--- Excerpted records ---

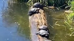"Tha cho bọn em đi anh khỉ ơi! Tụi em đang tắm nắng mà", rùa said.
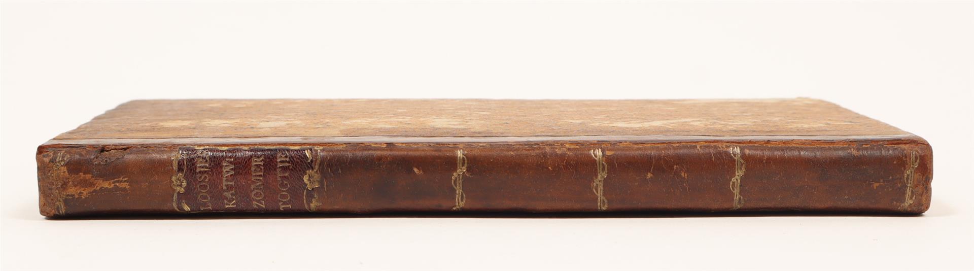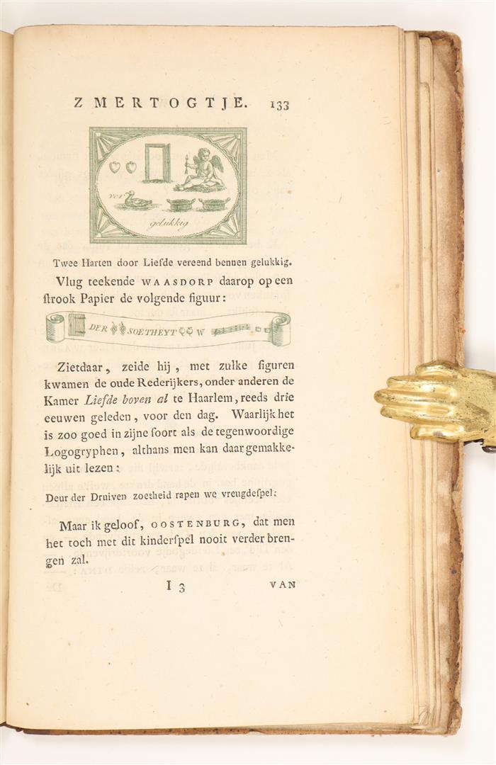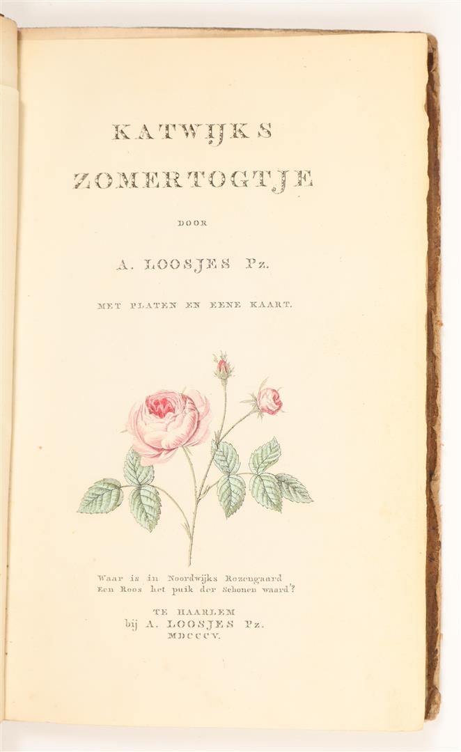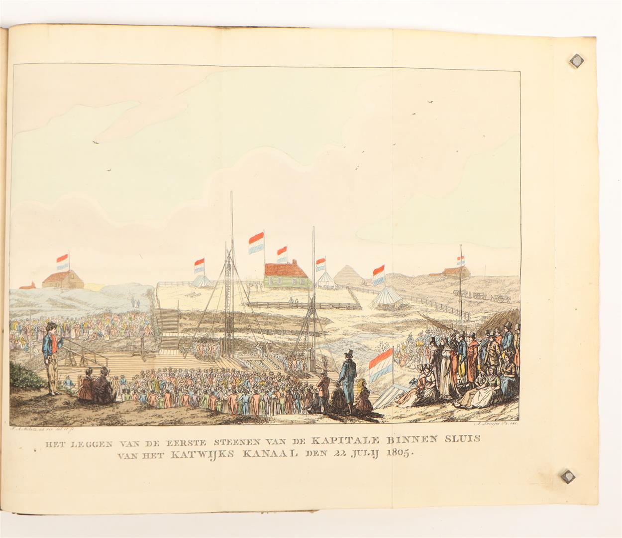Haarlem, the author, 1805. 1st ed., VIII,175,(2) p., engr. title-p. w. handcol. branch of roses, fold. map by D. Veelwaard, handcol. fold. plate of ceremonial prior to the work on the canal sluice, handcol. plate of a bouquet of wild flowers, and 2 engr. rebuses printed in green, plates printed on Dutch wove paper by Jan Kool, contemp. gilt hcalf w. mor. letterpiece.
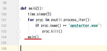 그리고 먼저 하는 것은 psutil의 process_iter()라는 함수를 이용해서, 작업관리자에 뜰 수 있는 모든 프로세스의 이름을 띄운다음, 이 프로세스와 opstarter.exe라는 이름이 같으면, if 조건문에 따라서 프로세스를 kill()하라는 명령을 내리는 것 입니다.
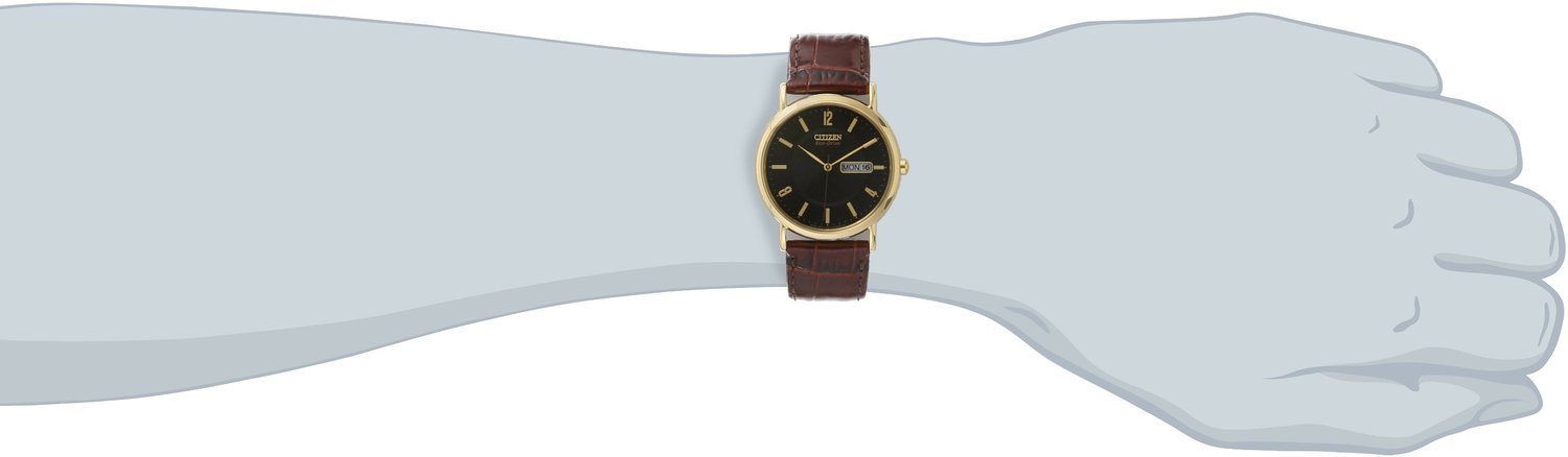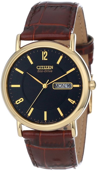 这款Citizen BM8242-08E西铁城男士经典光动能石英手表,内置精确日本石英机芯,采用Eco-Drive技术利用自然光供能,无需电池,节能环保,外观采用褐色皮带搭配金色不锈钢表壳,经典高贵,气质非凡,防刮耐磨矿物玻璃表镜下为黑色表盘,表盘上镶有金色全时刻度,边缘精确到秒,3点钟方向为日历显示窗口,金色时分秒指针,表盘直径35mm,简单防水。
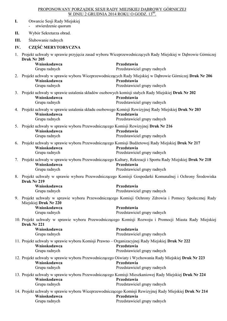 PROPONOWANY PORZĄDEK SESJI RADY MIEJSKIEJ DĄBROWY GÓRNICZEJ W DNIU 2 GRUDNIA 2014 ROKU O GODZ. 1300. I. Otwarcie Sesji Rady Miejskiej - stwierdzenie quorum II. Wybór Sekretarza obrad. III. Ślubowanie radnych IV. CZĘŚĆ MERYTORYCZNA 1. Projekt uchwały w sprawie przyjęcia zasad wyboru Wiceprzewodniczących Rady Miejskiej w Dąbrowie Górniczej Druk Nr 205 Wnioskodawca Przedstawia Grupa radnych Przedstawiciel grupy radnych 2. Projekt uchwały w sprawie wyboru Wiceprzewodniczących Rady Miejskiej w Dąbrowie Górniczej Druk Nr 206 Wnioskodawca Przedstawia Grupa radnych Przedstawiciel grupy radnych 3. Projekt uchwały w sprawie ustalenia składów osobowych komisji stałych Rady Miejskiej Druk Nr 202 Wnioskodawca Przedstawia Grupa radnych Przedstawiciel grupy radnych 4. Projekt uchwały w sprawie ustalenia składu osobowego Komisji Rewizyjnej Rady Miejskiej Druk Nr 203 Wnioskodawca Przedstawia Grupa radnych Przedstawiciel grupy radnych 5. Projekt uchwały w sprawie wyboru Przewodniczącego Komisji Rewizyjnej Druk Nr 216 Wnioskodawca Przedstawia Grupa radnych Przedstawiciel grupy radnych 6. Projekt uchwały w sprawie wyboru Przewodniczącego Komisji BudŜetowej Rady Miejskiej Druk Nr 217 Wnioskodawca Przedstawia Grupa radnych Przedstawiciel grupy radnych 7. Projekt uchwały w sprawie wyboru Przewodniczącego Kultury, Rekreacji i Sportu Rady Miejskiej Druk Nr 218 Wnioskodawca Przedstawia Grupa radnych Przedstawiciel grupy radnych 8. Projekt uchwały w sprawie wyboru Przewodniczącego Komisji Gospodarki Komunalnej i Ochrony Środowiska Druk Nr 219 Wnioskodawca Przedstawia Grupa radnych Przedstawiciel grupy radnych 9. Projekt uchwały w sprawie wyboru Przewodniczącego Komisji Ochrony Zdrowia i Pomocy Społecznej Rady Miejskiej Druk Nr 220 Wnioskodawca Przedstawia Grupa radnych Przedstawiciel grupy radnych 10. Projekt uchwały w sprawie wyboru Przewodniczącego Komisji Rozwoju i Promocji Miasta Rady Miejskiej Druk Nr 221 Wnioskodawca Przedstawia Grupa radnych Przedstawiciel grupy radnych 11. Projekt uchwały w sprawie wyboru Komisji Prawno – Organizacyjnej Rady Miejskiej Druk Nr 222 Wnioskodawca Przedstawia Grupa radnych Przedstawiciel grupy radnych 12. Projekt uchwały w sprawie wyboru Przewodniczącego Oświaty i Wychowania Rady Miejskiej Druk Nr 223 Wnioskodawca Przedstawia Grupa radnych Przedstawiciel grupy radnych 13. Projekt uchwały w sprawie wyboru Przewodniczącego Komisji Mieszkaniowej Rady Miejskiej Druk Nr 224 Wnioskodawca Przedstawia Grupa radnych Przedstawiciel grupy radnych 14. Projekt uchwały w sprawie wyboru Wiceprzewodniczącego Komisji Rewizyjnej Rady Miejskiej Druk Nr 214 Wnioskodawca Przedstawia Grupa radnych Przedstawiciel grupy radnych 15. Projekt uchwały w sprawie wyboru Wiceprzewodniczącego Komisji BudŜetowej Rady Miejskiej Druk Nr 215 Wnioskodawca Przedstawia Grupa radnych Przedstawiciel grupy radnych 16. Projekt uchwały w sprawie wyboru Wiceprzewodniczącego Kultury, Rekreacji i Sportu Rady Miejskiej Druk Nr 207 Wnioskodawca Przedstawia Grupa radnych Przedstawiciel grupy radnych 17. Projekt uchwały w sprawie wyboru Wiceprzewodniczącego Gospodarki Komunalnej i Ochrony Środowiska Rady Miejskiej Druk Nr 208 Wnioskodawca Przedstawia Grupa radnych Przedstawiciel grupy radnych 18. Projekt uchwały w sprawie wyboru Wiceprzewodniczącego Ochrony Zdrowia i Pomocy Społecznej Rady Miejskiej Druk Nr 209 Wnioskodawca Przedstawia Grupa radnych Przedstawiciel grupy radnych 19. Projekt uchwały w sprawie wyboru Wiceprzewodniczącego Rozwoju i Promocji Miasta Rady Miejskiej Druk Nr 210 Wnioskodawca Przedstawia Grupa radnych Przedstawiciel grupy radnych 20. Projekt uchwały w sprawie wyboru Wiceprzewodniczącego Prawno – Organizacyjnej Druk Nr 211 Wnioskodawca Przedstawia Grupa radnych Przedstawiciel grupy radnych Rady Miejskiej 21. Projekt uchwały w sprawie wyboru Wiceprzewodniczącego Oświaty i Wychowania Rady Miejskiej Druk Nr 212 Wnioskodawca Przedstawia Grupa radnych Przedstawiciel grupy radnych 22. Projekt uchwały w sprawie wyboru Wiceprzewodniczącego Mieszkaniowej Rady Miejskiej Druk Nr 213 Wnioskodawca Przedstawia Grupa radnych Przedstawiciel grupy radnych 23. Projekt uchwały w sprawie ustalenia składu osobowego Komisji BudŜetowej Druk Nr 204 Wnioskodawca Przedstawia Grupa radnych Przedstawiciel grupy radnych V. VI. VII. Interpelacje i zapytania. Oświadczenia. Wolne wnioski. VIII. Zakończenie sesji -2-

---
--- Excerpted records ---

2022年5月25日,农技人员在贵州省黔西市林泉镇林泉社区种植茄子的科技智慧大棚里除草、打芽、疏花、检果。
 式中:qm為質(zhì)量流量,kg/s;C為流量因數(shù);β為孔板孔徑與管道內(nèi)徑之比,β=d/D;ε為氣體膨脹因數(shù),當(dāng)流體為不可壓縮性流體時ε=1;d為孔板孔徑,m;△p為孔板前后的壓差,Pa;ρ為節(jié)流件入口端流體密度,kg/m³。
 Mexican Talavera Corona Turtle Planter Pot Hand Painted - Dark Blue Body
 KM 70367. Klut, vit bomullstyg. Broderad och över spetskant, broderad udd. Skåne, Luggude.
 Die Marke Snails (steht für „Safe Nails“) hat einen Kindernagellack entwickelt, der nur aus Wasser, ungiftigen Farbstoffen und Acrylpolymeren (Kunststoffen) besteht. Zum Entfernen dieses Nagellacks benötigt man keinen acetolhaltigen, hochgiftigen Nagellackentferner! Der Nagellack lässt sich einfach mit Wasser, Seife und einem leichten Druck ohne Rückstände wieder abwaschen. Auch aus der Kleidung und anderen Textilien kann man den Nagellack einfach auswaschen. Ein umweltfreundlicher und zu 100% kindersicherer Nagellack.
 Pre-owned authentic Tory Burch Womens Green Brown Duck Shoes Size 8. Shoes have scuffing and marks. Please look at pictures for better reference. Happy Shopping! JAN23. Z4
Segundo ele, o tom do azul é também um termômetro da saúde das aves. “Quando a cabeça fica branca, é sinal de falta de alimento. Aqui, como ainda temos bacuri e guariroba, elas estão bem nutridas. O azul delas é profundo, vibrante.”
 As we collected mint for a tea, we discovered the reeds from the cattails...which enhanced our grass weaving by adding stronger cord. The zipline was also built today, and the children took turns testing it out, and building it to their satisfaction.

---

About this task: Only the lines from the one containing "Die Marke Snails" through the one containing "As we collected" are to be retyped, both boundary lines included, with no other material.

Worked solution:
 Die Marke Snails (steht für „Safe Nails“) hat einen Kindernagellack entwickelt, der nur aus Wasser, ungiftigen Farbstoffen und Acrylpolymeren (Kunststoffen) besteht. Zum Entfernen dieses Nagellacks benötigt man keinen acetolhaltigen, hochgiftigen Nagellackentferner! Der Nagellack lässt sich einfach mit Wasser, Seife und einem leichten Druck ohne Rückstände wieder abwaschen. Auch aus der Kleidung und anderen Textilien kann man den Nagellack einfach auswaschen. Ein umweltfreundlicher und zu 100% kindersicherer Nagellack.
 Pre-owned authentic Tory Burch Womens Green Brown Duck Shoes Size 8. Shoes have scuffing and marks. Please look at pictures for better reference. Happy Shopping! JAN23. Z4
Segundo ele, o tom do azul é também um termômetro da saúde das aves. “Quando a cabeça fica branca, é sinal de falta de alimento. Aqui, como ainda temos bacuri e guariroba, elas estão bem nutridas. O azul delas é profundo, vibrante.”
 As we collected mint for a tea, we discovered the reeds from the cattails...which enhanced our grass weaving by adding stronger cord. The zipline was also built today, and the children took turns testing it out, and building it to their satisfaction.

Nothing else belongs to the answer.